The media often referred to me with what they viewed as an appropriate adjective, like “self-described atheist,” or “so-called atheist,” and even “admitted atheist.” I wondered how other candidates would react if they were described as “so-called Methodists” or “admitted Baptists.” On radio shows, Christian conservative callers often asked if I worshipped Satan, since “I had to believe in something.” However, the oddest comments came from those who thought my not believing in a judging God meant I must feel free to rape, murder, and commit any atrocity I can get away with. I’d respond, “With an attitude like that, I hope you continue to believe in God.” I was beginning to think that changing hearts and minds of some of my fellow South Carolinians was more important than changing the South Carolina Constitution. I expected the courts to eventually do the right thing; I wasn’t as confident about those who held unquestioned, Bible-based beliefs.
As a math professor, I had been more used to talking to students than to the media and the public. But after several talk show interviews and reactions by callers, I got to know the kinds of questions people would ask. Here is a sample, along with my answers.
Q: What do you think are your chances of winning the election?
A: I’m an atheist, not a fool. (Since I wasn’t going to win, I felt free to be honest.)
Q: What would be the first thing you would do if elected?
A: Demand a recount! (I had been asked many times why atheists were so angry. I wanted to show we could have a sense of humor.)

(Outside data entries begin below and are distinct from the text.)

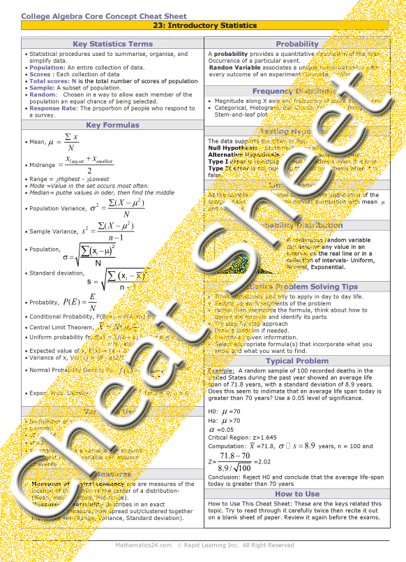 Core Concept Tutorial Problem Solving Drill Review Cheat Sheet
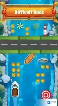 3、紧盯终点靶心,保持航线,灵活躲障碍、抢金币,冲过终点完成关卡,解锁新赛道、艇具,提升竞速技巧。
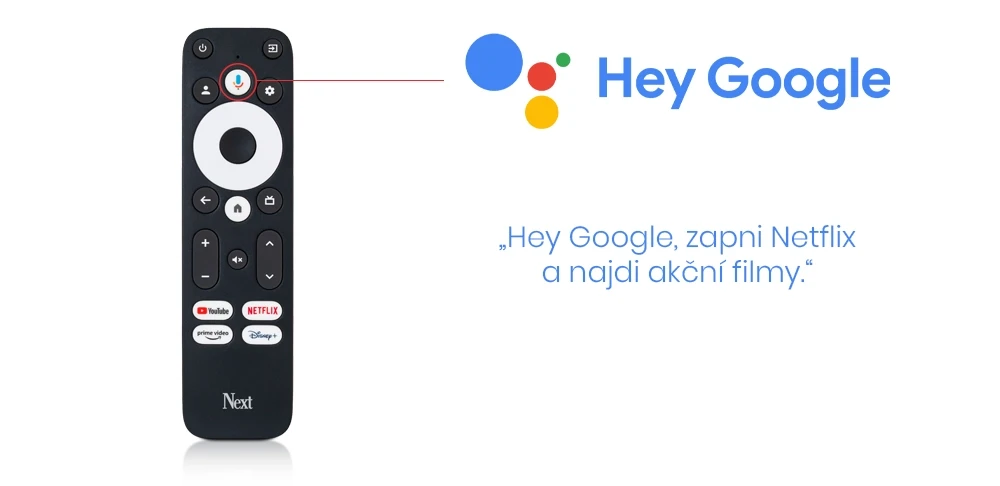 Součástí je také inteligentní dálkový ovladač s mikrofonem, který podporuje Google Assistant. Stačí vyslovit příkaz – najít film, spustit hudbu nebo zjistit předpověď počasí – a systém to udělá za vás.
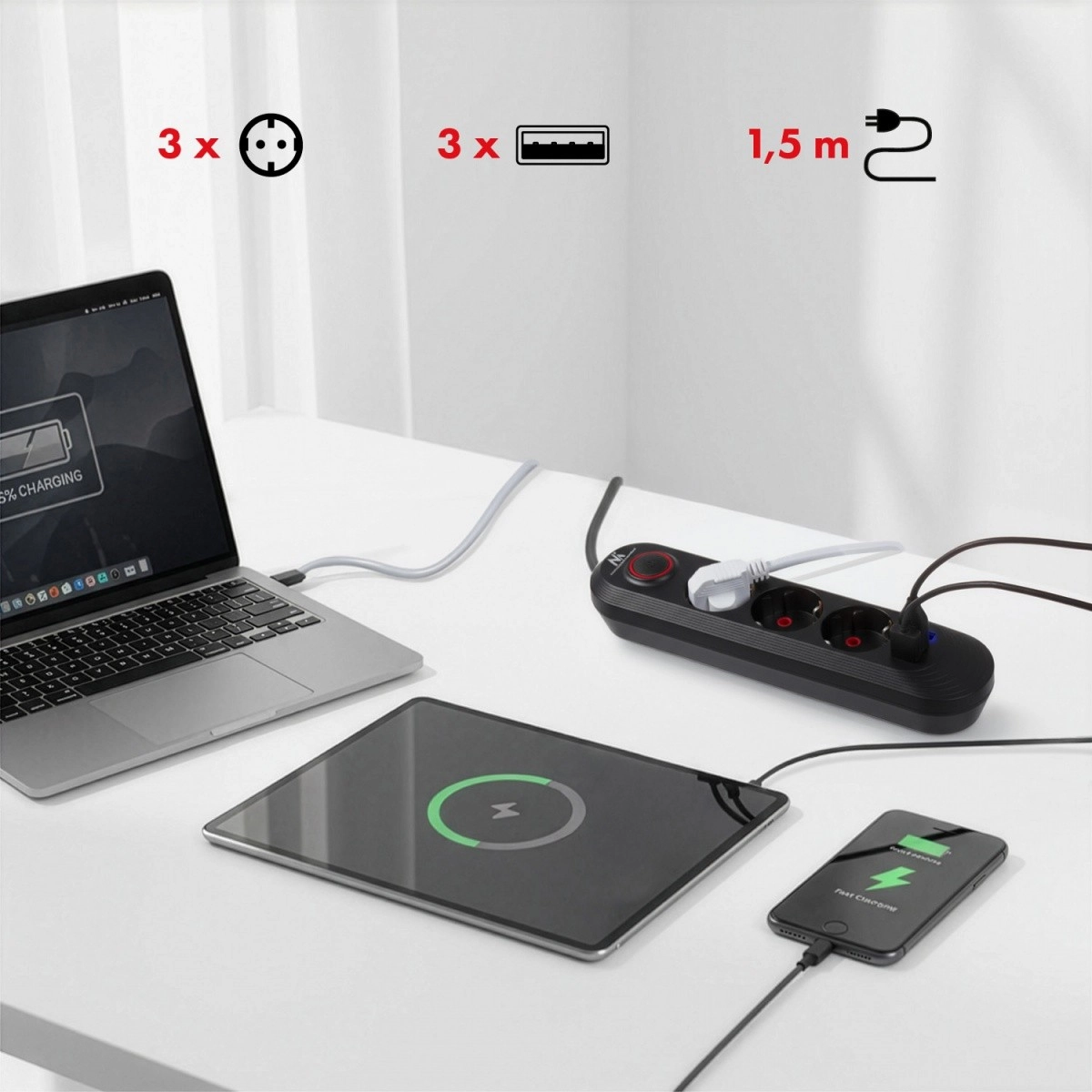 Tri vtičnice Schuko in tri USB vrata omogočajo hkratno napajanje aparatov ter polnjenje telefona ali tablice brez dodatnih adapterjev.
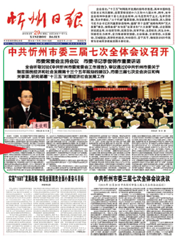 中國共產(chǎn)黨忻州市第三屆委員會(huì)第七次全體會(huì)議于12月28日在忻州召開。全會(huì)聽取討論了《中共忻州市委常委會(huì)工作報(bào)告》,審議通過了《中共忻州市委關(guān)于制定國民經(jīng)濟(jì)和社會(huì)發(fā)展第十三個(gè)五年規(guī)劃的建議》,研究部署了“十三五”時(shí)期經(jīng)濟(jì)社會(huì)發(fā)展工作。
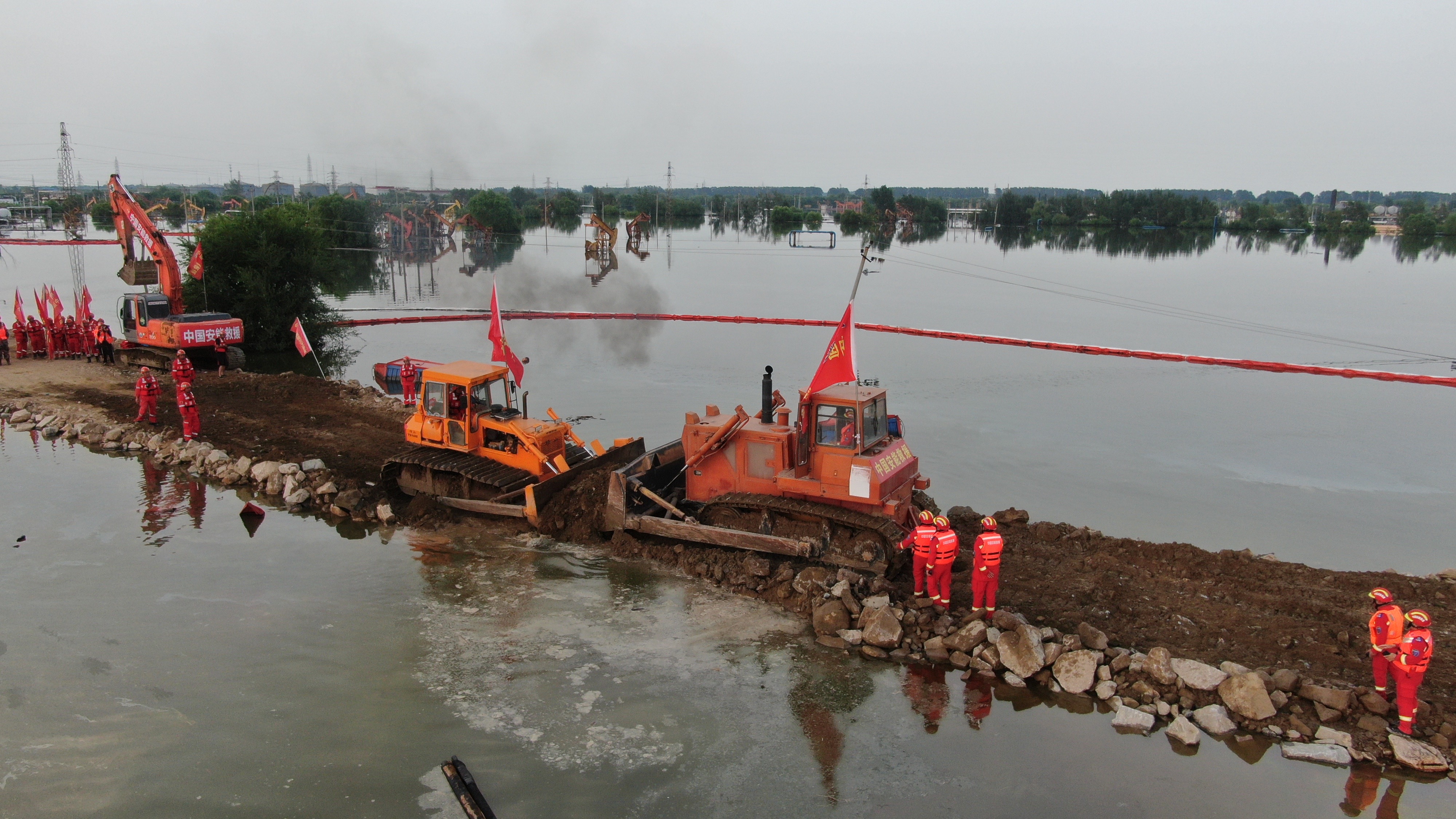 封堵過程中,救援隊(duì)人歇機(jī)不停、交叉輪班24小時(shí)連續(xù)作戰(zhàn)。8月5日凌晨,隨著通往潰口的道路終于搶通,封堵攻堅(jiān)戰(zhàn)正式打響。

Q: What would make you believe in God?
A: Perhaps if I won the election. It would take that kind of miracle.
Q: What will happen to you when you die?
A: I know exactly what will happen. I’m going to medical school, just like my Jewish mother always wanted me to do. I want to use my body parts to their fullest while I’m alive, but I hope others will be able to make good use of them when I die.
Q: If the law were changed, do you think an atheist would be elected in South Carolina?

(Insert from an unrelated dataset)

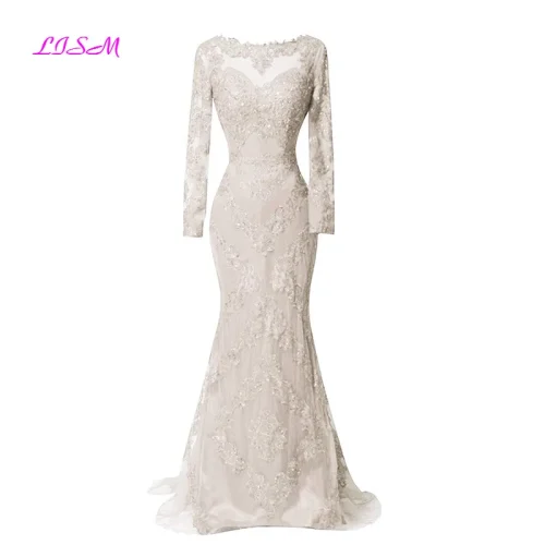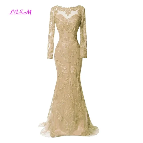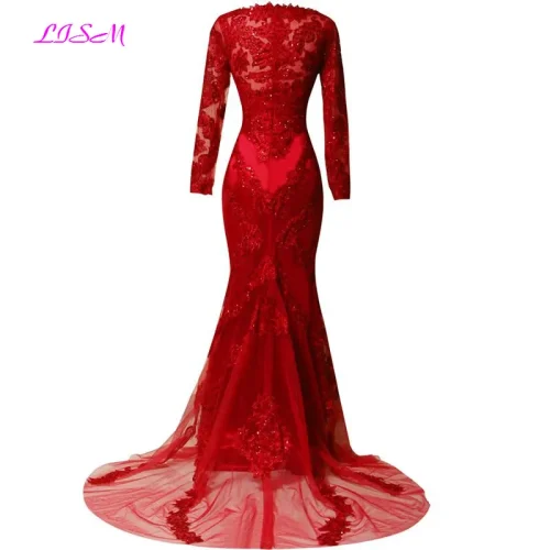 Product Name: Real Pos Red Full Sleeved Evening Dress 2023 Lace Appliques Mermaid Prom Dresses Elegant Long Sweep Train Formal Party Gowns
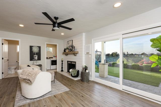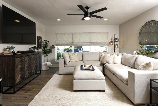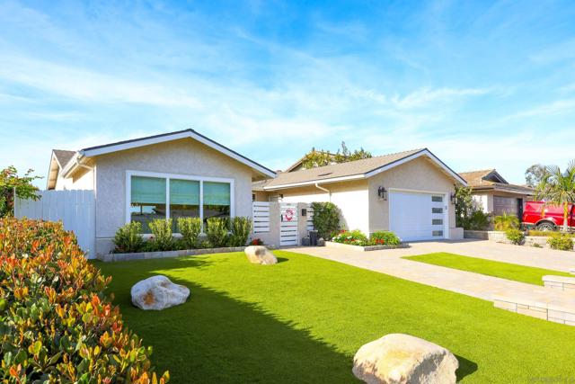 Stroll to 5718 Bounty Street, a beautifully reimagined single-level home nestled in the highly sought-after Princess Del Cerro community of San Diego. Thoughtfully updated and meticulously maintained, this 4-bedroom, 2.5-bath beauty blends modern upgrades with timeless comfort — creating a turnkey opportunity you won’t want to miss! From the moment you arrive, the enhanced curb appeal makes a lasting impression! A sleek driveway space, fresh front-yard hardscape, lush turf, and thoughtfully selected landscaping create a clean, low-maintenance exterior. Inside, the home features a bright, refreshed interior with updated finishes and intentional design touches. The inviting living space is anchored by the open dining space, kitchen island area, and a beautifully appointed fireplace with a custom mantle — perfect for cozy evenings and sipping morning coffee! The remodeled layout flows seamlessly, offering both comfortable everyday living and easy entertaining options. The primary suite features a custom closet organizer, while additional bedrooms provide flexibility for family, guests, or a home office. A designated laundry room adds convenience, and the two-car garage offers ample storage. Step outside to your private backyard retreat space — complete with a custom covered patio pergola area and built-in BBQ, ideal for hosting gatherings or enjoying quiet evenings under the San Diego sky while being wow’d by magical sunsets! Low-maintenance turf in both the front and back yards ensures year-round beauty with minimal upkeep. This move-in-ready abode combines thoughtful upgrades, functional design, and an unbeatable location! Experience the comfort of easy living in one of San Diego’s most desirable neighborhoods. Welcome home to 5718 Bounty Street!

A: No. But fifty years ago, no woman or African American could get elected. Fortunately that has changed, and I’m hoping for the day when we will judge candidates on their positions and integrity, not on their professed religious beliefs.
Q: When was belief in the Supreme Being made a requirement?
A: At the Constitutional Convention of 1868. According to transcripts, one delegate worried that a candidate might just pretend to believe in order to hold public office. Another delegate responded, “This law is intended for a man so depraved as to come out boldly and deny a belief in the Supreme Being. Such a man has lost his reason and is unfit for any office.” The head of the Election Commission said essentially the same thing about me when he indicated I wouldn’t have been questioned about my religious beliefs had I kept quiet about them. In other words, I should have lied and deliberately violated our state constitution. We have enough ethical problems with our political leaders without formally sanctioning such hypocrisy. I think some of our politicians would profess belief in the Tooth Fairy if they thought it would help them get elected.
Q: Why are you wasting all this time on something so frivolous?
A: I find it appalling to be ineligible for an office because of my religious beliefs. And to challenge a law that gives credibility to such religious intolerance and bigotry is not frivolous.
A few days before the election, Judge Norton dismissed my case on the grounds that it was not ripe, meaning he would only rule on the merits of the case if I won the election. To the surprise of no one, I lost.
So with politics now in my blood, where could I go from there? I decided to try and fulfill my lifelong dream of becoming a notary public. Actually, I discovered that South Carolina’s Constitution prohibited atheists from holding any public office. My lawyer told me I could challenge this by applying for a notary commission.. If South Carolina were to grant me a notary public license, it would be an admission by the state that religious tests could no longer be a qualification for public office.